A furnace filter is a replaceable supply that arrests these contaminants. Filter replacement is designed to be done easily by professionals and non-professionals alike.

Depending on the filter’s size and filtration quality and whether you have respiratory issues, indoor smoking, painting, construction, or pets — you should change this filter every 1-3 months. 

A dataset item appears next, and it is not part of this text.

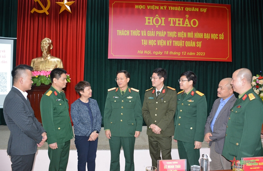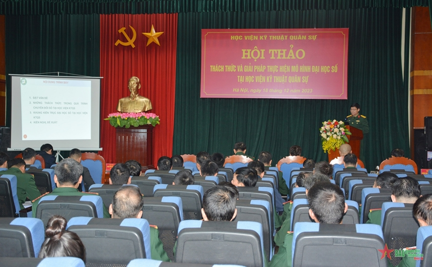 Chiều 18/12/2023, tại Hà Nội, Học viện KTQS tổ chức Hội thảo “Thách thức và giải pháp thực hiện mô hình Đại học số tại Học viện KTQS” dưới sự chủ trì của Thiếu tướng GS. TS Trần Xuân Nam – Phó Giám đốc Học viện.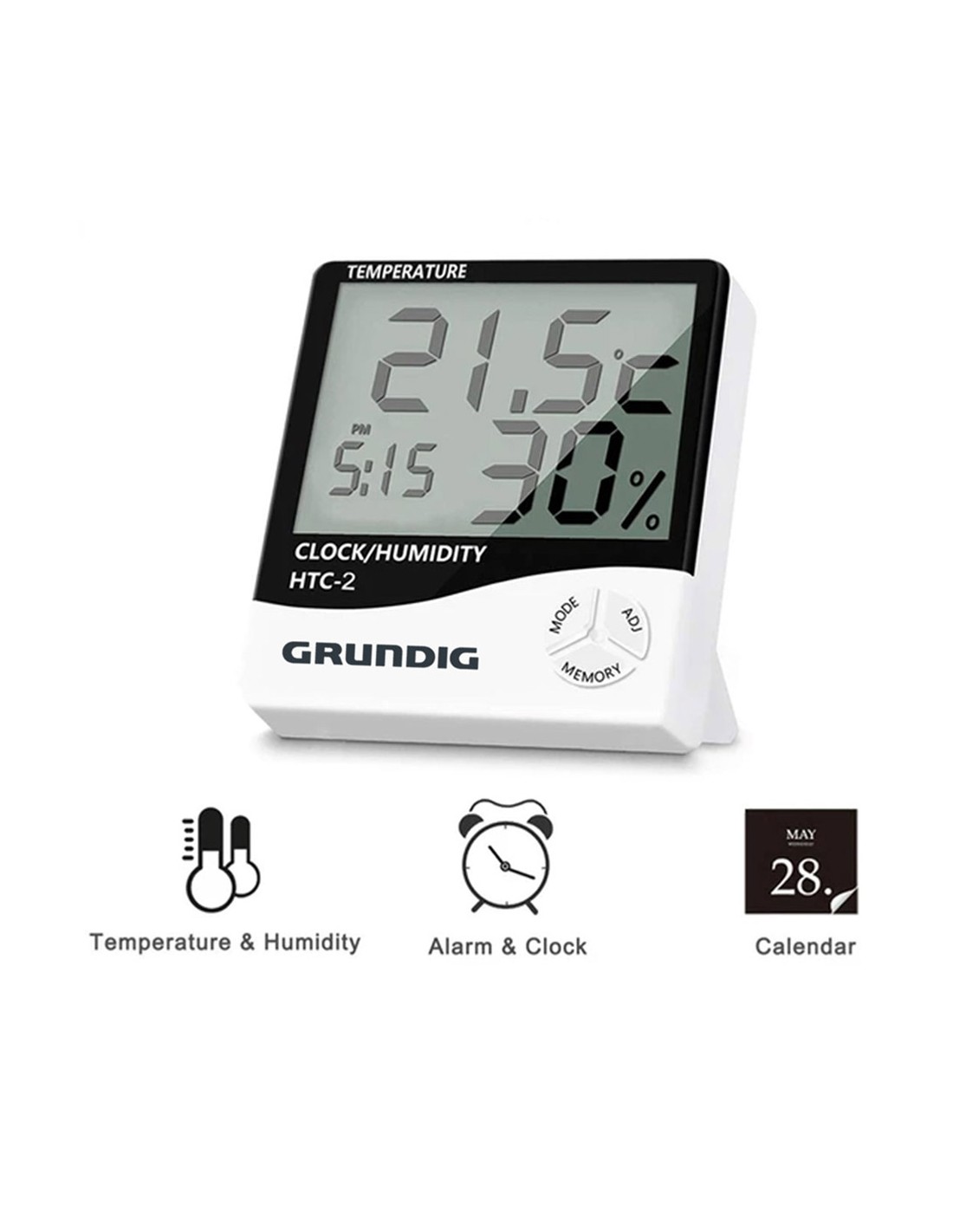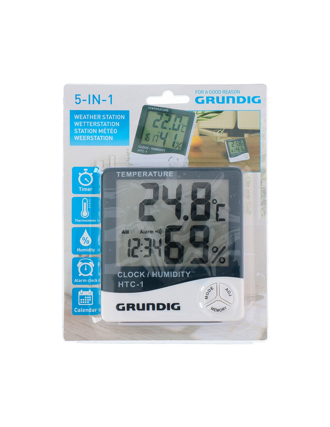Estacion meteorologica grundig incluye: alarma, termometro, humedad, y calendario. funciona con una pila aaa no incluida. +50c/-10c

Consider Upgrading to a HEPA Air Filter

A HEPA filter is a furnace filter that tackles the smallest contaminant particles with some of the highest efficiency you can get. Standard filters struggle with filtering particles smaller than 0.4 microns in diameter, but HEPA filters do so between 85% and 99.999% efficiency.

HEPA filters take home HVAC filtration to the next level, but they’re more costly than conventional ones, and there are different standards by region.

Your Home’s Air Quality

This list of things to do is not exhaustive; different experts will have different ideas, but the most effective ones come up repeatedly, from various sources.

Not opening your windows much will give you a lot more control on what contaminants are in your home. Still, you can and should open windows to air out contaminants you can smell, taste, touch, see, or hear.

Maintenance keeps dangerous gases coming from appliances in check. Humidity levels keep mold from growing, and furnace filters provide a chosen level of air quality. You can keep a pet, but change your filter more often! Your lungs and your furnace will thank you!